To further verify this, let's make sure the values are used properly, if the arrays are changed. Add the y = z + w
expression inside a loop and add a second statement w = y;
after the first one. Run and make sure the generated code is correct and the code is not using stale values for w
. This works because BuildIt keeps track of all static values and merges loops only if they are exactly the same as the previous iteration.
Next, we will map computations to the GPU to improve the performance of the code. BuildIt allows automatically mapping doubly nested loops to CUDA code by using a simple annotation. Check the BuildIt sample under deps/buildit/sample/sample37.cpp
to see how this annotation works. Next search for TODO 5
. We can see that this is right before the loop for a dimension is induced. If we add the annotation here for the first level, BuildIt will turn the next two loop levels into GPU blocks and threads. To decide whether compute is running on GPU or Host, we have a defined an enum currect_device
which the user can set.
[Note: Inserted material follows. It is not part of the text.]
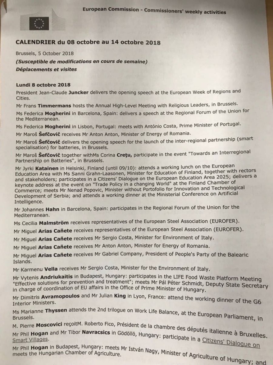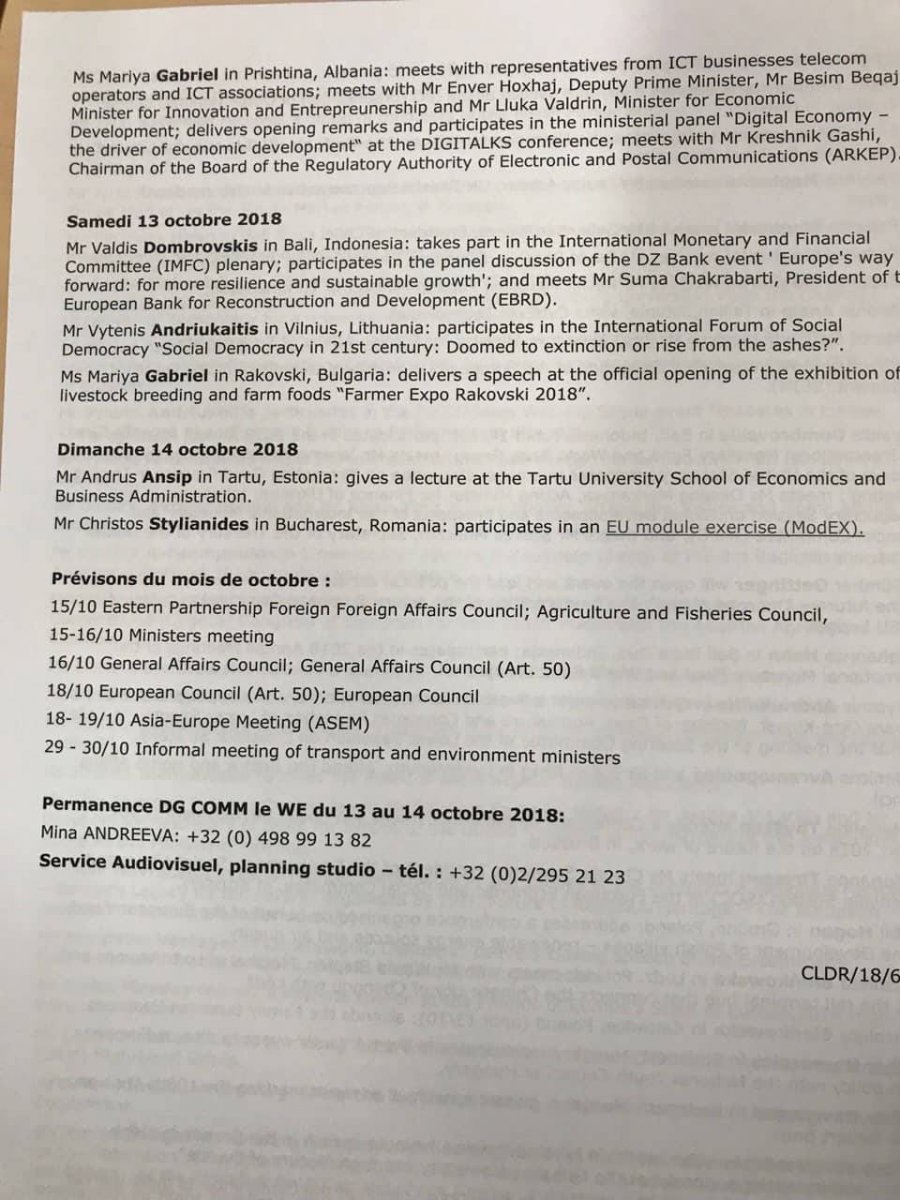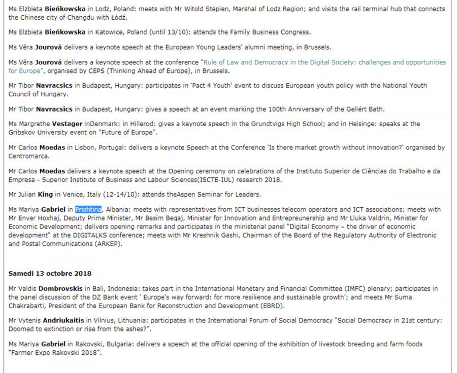 Në agjendën e aktiviteteve të komisionerëve, në paragrafin që kishte të bënte me Kosovën, njoftohej se Komisionerja për Ekonominë Digjitale, Marya Gabrial do të vizitonte Prishtinën e Shqipërisë më 12 tetor.

Check this enum and conditionally add the annotation only on the outermost loop.
We have provided a helper routine run_on_gpu
which accepts a lambda to run on GPU. Wrap the y = z + w
in this function under a lambda and build and run the code. We can see that the compute is moved to a CUDA kernel and an appropriate call to the kernel is inserted in the host code.
We have also provided the funcitons barray.to_device()
and barray.to_host()
to move the data between host and GPU for compute. Insert z.to_device()
and w.to_device()
before the call to allocate buffers and move the data.
What happens if we forget to move a particular array to the GPU before operating on it on the GPU. Comment out z.to_device()
and check the generated code. We notice that BuildIt still generates the code but it is wrong. We need to assert that the data is in the right place just like before. Search for TODO 6
. The barrays
have a static_var
, current_storage
to check where they are currently stored. Assert that the arrays and the execution is in the right place. Build and run the sample to check that the assert should fail.
Uncomment the z.to_device()
to check that the compiler now generates correct code.
For this TODO, we would want you to implement the cross product operator for arbitrary 2D barray expressions. The skeleton code and the TODO 7
has been provided. A samples/sample2.cpp
has also been provided to test the kernel. Fill in the implementation and check if the compiler generates correct code.
D2X is a companion library in BuildIt that allows debugging code through stages. D2X allows adding debugging support without a single line of code change. So there are no TODOs for this section. But the proces to enable D2X will be discussed and demonstrated in the tutorial.